Segundo o Instituto Nacional de Meteorologia (INMET), entre julho e setembro de 2026, o Brasil vai encarar um verdadeiro teste de resistência climática com a chegada do super El Niño. Enquanto o Sul deve registrar chuvas muito acima da média, o Centro-Norte vai sofrer com a seca. Diante desse cenário de extremos, a grande pergunta que fica é: o nosso planejamento urbano está pronto para o tranco? A resposta é que as cidades precisam correr atrás do prejuízo.
O professor de Engenharia Civil da Universidade de Mogi das Cruzes (UMC), Joni Matos Incheglu, dá o alerta sobre a urgência de repensar a infraestrutura urbana e explica a complexidade do problema. “A mesma cidade que sofre com enchentes repentinas, meses depois, vive crise hídrica, o que demanda projetá-las para enfrentar os dois extremos ao mesmo tempo, com respostas bem estruturadas da engenharia. A drenagem sustentável, a recuperação da permeabilidade do solo urbano e reservatórios com uso duplo caminham nessa direção”, destaca o especialista.
Para não sermos engolidos pelos extremos climáticos, o professor aponta três frentes de ação indispensáveis: “Na geotecnia, é essencial termos contenções bem dimensionadas, drenagem profunda e estabilização de encostas, apoiadas em investigação de subsolo adequada.

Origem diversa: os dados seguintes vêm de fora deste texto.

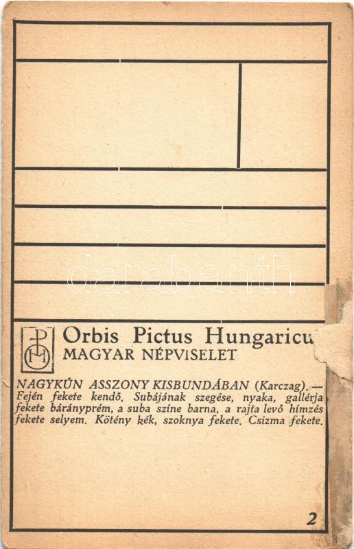 Nagykun asszony kisbundában (Karcag), Magyar Népviselet, Orbis Pictus ... https://www.darabanth.com/en/361-Online-auction/361.0/Postcards/Folklore~1500044/Nagykun-asszony-kisbundaban-Karcag-Magyar-Nepviselet-Orbis-Pictus-Hungaricus-old-Hungarian-l~II2079549
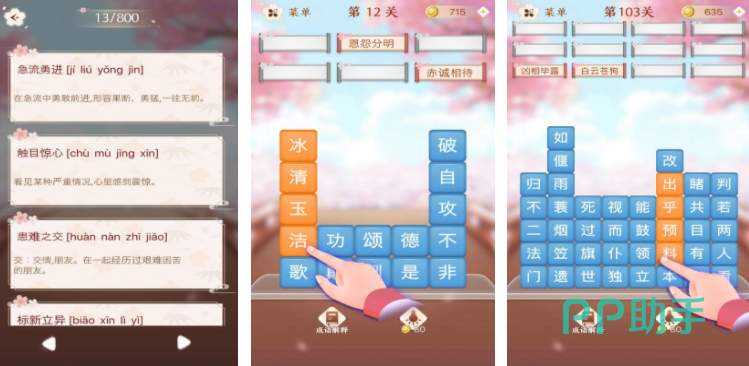 如果想要快速记忆大量的成语,最推荐的就是成语消消闯关,里面会有比较创新的一种玩法,让玩家快速记忆大量的成语,很多成语都会有相同的汉字,游戏里会把这些成语互相交错,玩家需要在空位上填写这些汉字,这样就能同时补全两个成语,关于成语的意思也会在补全之后出现,想要学习成语的玩家不要错过游戏。

Na drenagem urbana, a chamada infraestrutura verde-azul, com pavimentos permeáveis, jardins de chuva, telhados verdes e reservatórios de amortecimento; em vez de expulsar a água o mais rápido possível, retê-la e infiltrá-la. A terceira frente é a do monitoramento e da informação, com sensores e instrumentação de encostas e estruturas, gêmeos digitais e o uso de BIM no planejamento, que permitem antecipar problemas em vez de remediá-los”.
O engenheiro também faz um aviso importante sobre as normas técnicas que dão base à segurança das nossas construções, que muitas vezes já estão defasadas. “Contudo, eventos que tratávamos como excepcionais passam a ocorrer com mais frequência e magnitude, o que demanda reavaliar os limites e revisitar as premissas de projeto, como os tempos de retorno adotados para chuvas de dimensionamento da drenagem, as velocidades de vento, a estabilidade de encostas e taludes e o comportamento das fundações em solos saturados”, alerta Joni Matos Incheglu.
Além disso, é fundamental cuidar dos prédios que já existem e ter muito mais rigor na escolha dos terrenos para novas obras. “A inspeção predial periódica e programas de manutenção e reforço estrutural são fundamentais, identificando a fragilidade antes que o evento extremo a transforme em acidente. A isso, soma-se a execução de projetos de drenagem à altura do novo padrão de chuvas e, talvez, o mais importante: não adianta construir mais forte no lugar errado, sem planejamento territorial. Muitas tragédias são de localização, não de estrutura. Reavaliar critérios é reavaliar também onde se pode e onde não se pode ocupar”, pontua.
No fim das contas, a tecnologia e a ciência são as nossas maiores aliadas para evitar tragédias anunciadas. “Colocar esse aparato no centro do planejamento das cidades, e não apenas na resposta ao desastre, é a decisão mais importante que podemos tomar diante do que vem pela frente”, conclui o professor.